# Longest Common Subsequence

Leetcode

Question. Given 2 strings X[1...m], Y[1...n], what is the longest common subsequence between them? A common sequence satisfies the following:

  • They appear in the same order as they do in the original sequence
  • Doesn't need to be contiguous

Example: X = "DCUT", Y = "DUTC", then LCS(X, Y) = "DUT"
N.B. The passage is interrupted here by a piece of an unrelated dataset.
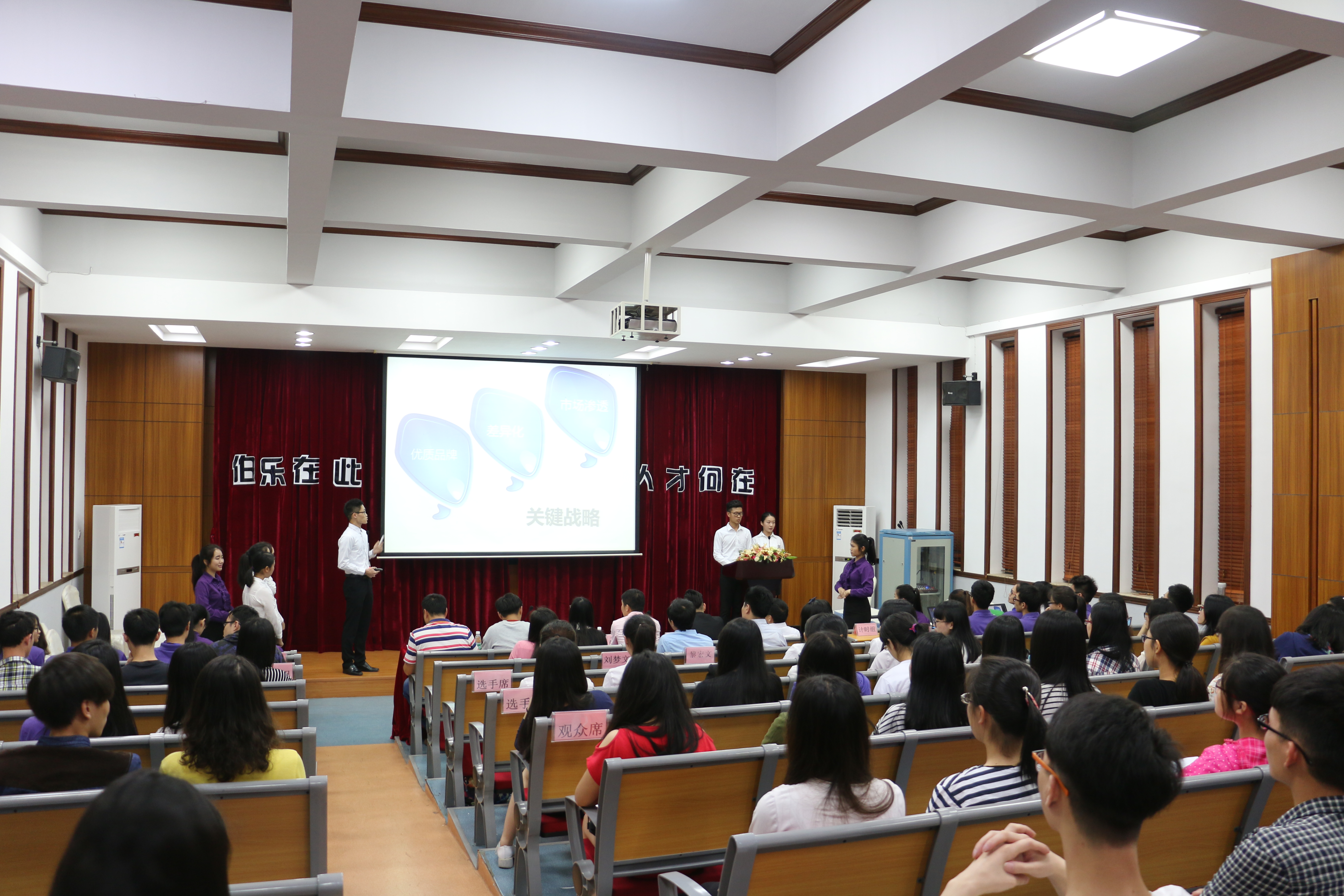 在一开始的团队展示环节,三个小组分别以《京东商城公司的分析》、《华为公司的分析——如何攻占中国高校市场》、《优衣库公司的分析》为研究课题,采用具体分析法向评委及观众讲解该公司的优势、劣势、发展潜力及未来展望等内容,展示了他们出彩夺目的团队合作能力。

# 1. Solve the Backtracking Problem First

# 1.1 Function signature

Using the example above, let’s align the common letters:

\begin{matrix}
X : &\tt{D}&\tt{C} & \tt{U}& \tt{T} &\\

&\mid & &\mid & \mid&\\

Y:&\tt{D}&&\tt{U} & \tt{T}& \tt{C}\\
\end{matrix}

We check 1 pair of characters at a time. Let’s use i for indexing X and j for indexing Y.

\underbrace{\xrightarrow[

\begin{matrix}
&\green {\overset{\small{\text{match}}}{\Downarrow}}\\

X:&\tt{\green D}&\tt{C} & \tt{U}& \tt{T} &\\

&\mid & &\mid & \mid&\\

Y:&\tt{\green D}&&\tt{U} & \tt{T}& \tt{C}\\
\end{matrix}]{\text{Scan Direction}}}_{\text{After check: }
\texttt{i += 1, j += 1}}

To “take” a pair, we advance the indices for both strings. So j is pointing at U right now:

\begin{matrix}
&&\overset{\small}{\small \Downarrow}\\

X:&\tt{D}&\tt{\red C} & \tt{U}& \tt{T} &\\

&\mid & &\mid & \mid&\\

Y:&\tt{D}&&\tt{\red U} & \tt{T}& \tt{C}\\
&&&\underset{\small}{\small\Uparrow}
\end{matrix}

That’s a mismatch, we need to skip. To "skip" a pair, we advance only 1 index, either i or j. Here the correct choice is i.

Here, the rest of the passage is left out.